WebElement element = driver.findElements(By.xpath(“//div[@id=’some id’]//ul//li”));

findElements() – Used for finding all elements matching the specified locator value in the current webpage. All matching elements will be fetched and stored in the list of WebElements. The general syntax for the method is:

List <WebElement> elementList = driver.findElements(By.xpath(“//div[@id=’some id’]//ul//li”));

Q: What is JUnit? Explain the various JUnit annotations.
A: JUnit is a Java-based testing framework from Apache that complements Selenium. Various JUnit Annotations are enumerated as follows:

  • @After – Lets the system know that this method will be executed every time a test method achieves completion
  • @AfterClass – Lets the system know that this method must be executed once after any of the test methods
  • @Before – Lets the system know that this method will be executed just before every time a test method starts execution
  • @BeforeClass – Lets the system know that this method must be executed once before any of the test methods start execution
  • @Ignore – Lest the system know that this method shall be ignored i.e. it shall not be executed
  • @Test – Lets the system know that this method is a test method.
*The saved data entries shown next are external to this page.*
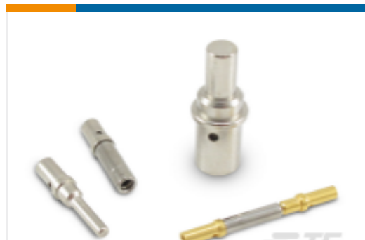
TE 产品编号0460-204-0490 DEUTSCH Solid Contacts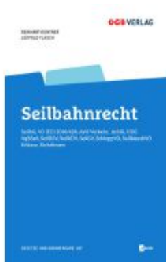
Seilbahnrecht Ladenpreis: 109,00EUR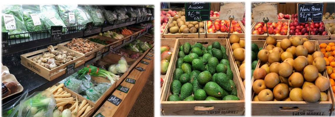
ตัวอย่างผลิตภัณฑ์ผักและผลไม้ที่วางจำหน่ายในร้าน Ceres Fresh Market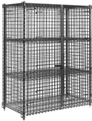
Unidad de seguridad estacionaria de tamaño grande con estantes centrales opcionales

Unidad de seguridad estacionaria Eagle pequeña, modelo _____. Acabado cromado construida con alambre desnudo y con estantes de diseño patentado Quad-Truss®. Puertas dobles que permiten un acceso completo y trabas de acción rápida con pestillo para candado. Altura total de 40".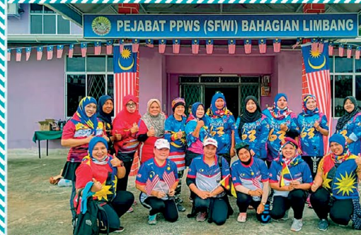
◀ Sambutan Hari Malaysia PPWS Daerah Limbang Pada 16 September 2020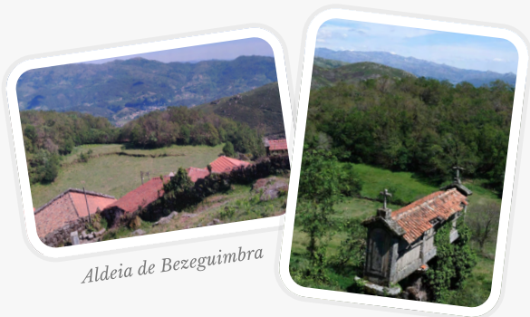
Aldeia de Bezeguimbra

E ste Eco Trilho, denominado de “Trilho Eco-Lobo”, é fruto de uma parceria entre o projeto Eco-Escolas (da Escola Básica de Vila Verde, EBVV), o Município de Vila Verde e o Projeto Internacional LIFE WILD WOLF 1 , surgindo da vontade conjunta em contribuir para a conservação do lobo-ibérico, um predador ameaçado a nível nacional que ainda se encontra presente nas zonas serranas do norte do concelho de Vila Verde.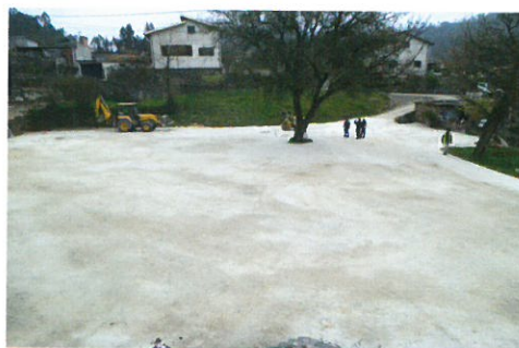
Arranjo do Largo de Sta Barbara - Folgoso (1ª Fase)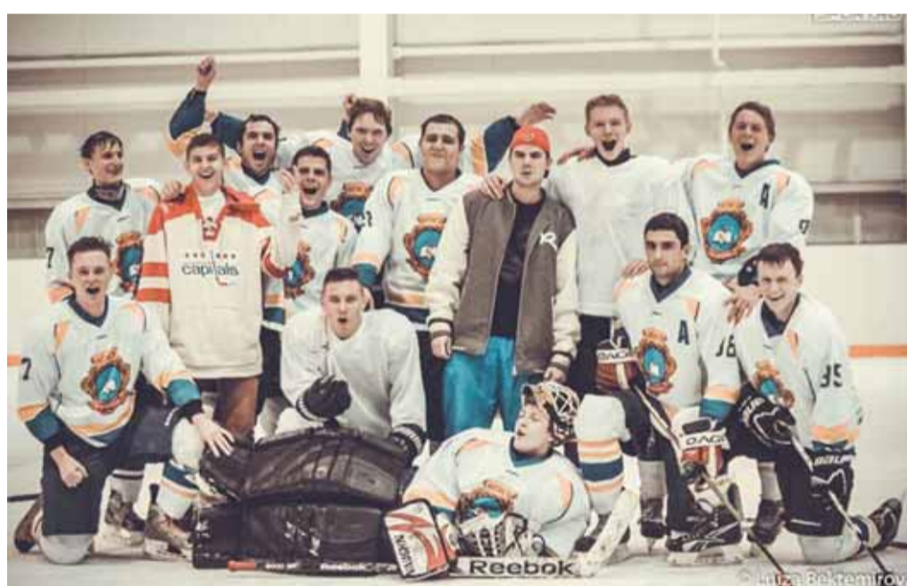
С победой, "Акулы"!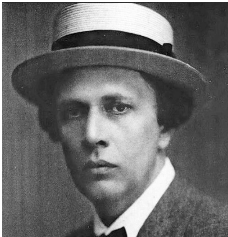
А. Толстой в начале писательской карьеры

Несколькими годами позже на свет появились произведения, объединенный мотивом русского фольклора. Стихотворения Толстого, однако, отклика ни в широких массах, ни в среде критиков не нашли. Его обвиняли в подражательстве, в первую очередь Некрасову. С 1911 он больше не прикасался к поэзии. Вскоре после дебюта, Алексей Толстой берется за прозу. Он пробует свои силы на малых литературных формах. Меньше чем через год в свет выходит сборник рассказов под общим названием «Заволжье». Начинающий писатель удостоивается высоких оценок критиков. Его дебют встречают благожелательно. Хорошее мнение о творчестве начинающего литератора высказывал сам Максим Горький. Однако сам Толстой оставался недоволен результатом. Он нещадно критиковал себя. Прозаик был настоящим перфекционистом. После успешного дебюта, чтобы не слыть неучем и дилетантом, он взялся за выработку собственного литературного языка. Такого, чтобы его творчество не спутали ни с чьим другим.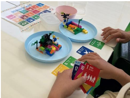
【ワークショップ イメージ】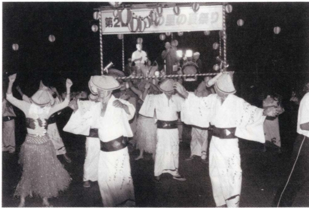
「高鍋音頭を踊る盆踊り愛好会の人達」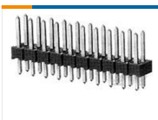
TE 产品编号6-146252-7 34 MODII HDR DRST B/A .100 LF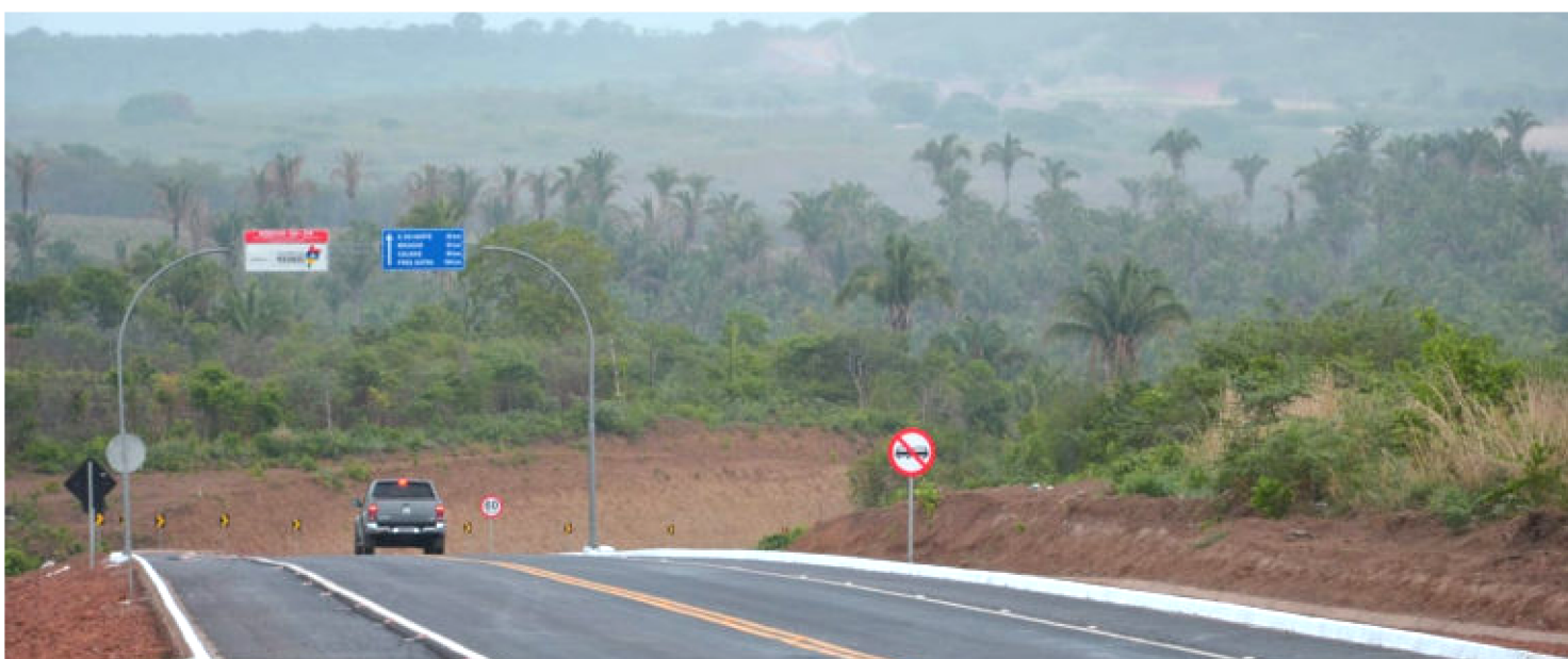
MA-270 GARANTE ROTA RÁPIDA E COM SEGURANÇA PARA OS MORADORES DO SUL DO MARANHÃO

Um acesso rápido, seguro e totalmente sinalizado. Esse foi o resultado da obra de pavimentação completa da MA-270, rodovia que interliga os municípios de Sucupira do Norte e Pastos Bons, na região Sul do Maranhão.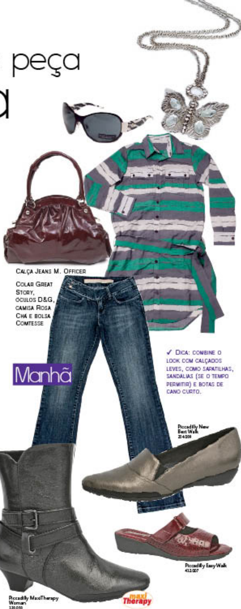
CALÇA JEANS M. OFFICER

Para começar o dia, aposte em cores claras e looks leves. A camisa listrada vai bem nos dias com temperaturas mais amenas (sabe aquele que sai um solzinho?), e se estiver bem frio, brinque com as sobreposições com blusinhas por baixo ou casacos por cima. Garanta o estilo sem passar frio ou calor, afinal, o importante é você sentir-se bem.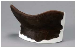
3 H-5出土土器 (第139图2)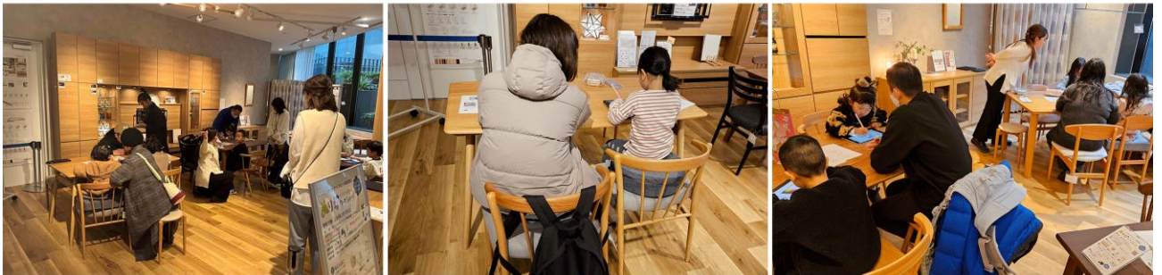
ワークショップ会場の様子

参加者からは、「とても楽しい思い出ができた」、「子供も初めてのデジタルでお絵描きをしたのでよい機会だった」、「子供が書いてくれた絵を日常使いの物として残せるのでうれしい。」などの感想が聞かれました。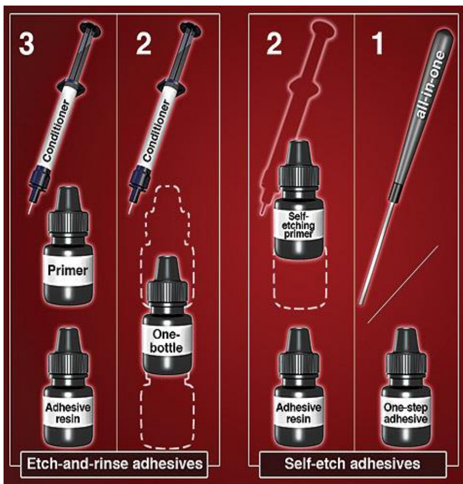
Slika 2. Klasifikacija adhezijskih sustava. Preuzeto: (18)

It is possible to have several test methods in a single test script

Q: Please explain the various types of Test Automation Frameworks.
A:

  • Behavior-Driven Development Framework – Allows automating functional validations in an easy-to-read and understandable format for different professionals, including analysts, developers, and testers.
  • Data-Driven Testing Framework – Helps in segregating the test script logic and the test data. Allows storing test data in some external database in the form of key-value pairs. These keys are used for accessing as well as populating the data within the test scripts.
  • Keyword-Driven Testing Framework – It is an extension to the data-driven testing framework in a way that in addition to separating test data from the test scripts, a keyword-driven testing framework stores a part of the test script code in an external data file.
  • Library Architecture Testing Framework – Works on the principle of determining the right steps and then grouping them together into functions under a library. These functions are called in the test scripts whenever required.
  • Module-Based Testing Framework – Divides each application under testing into a number of logical and isolated modules. A distinct test script is created for each module.
  • Hybrid Testing Framework – Offers features belonging to different types of testing frameworks. The idea is to reap in all the benefits of various approaches with a single testing tool.

Well, that sums up the list of the 20 most important Selenium interview questions. Going through the list will surely help you tighten up your preparation for that upcoming Selenium interview. All the best!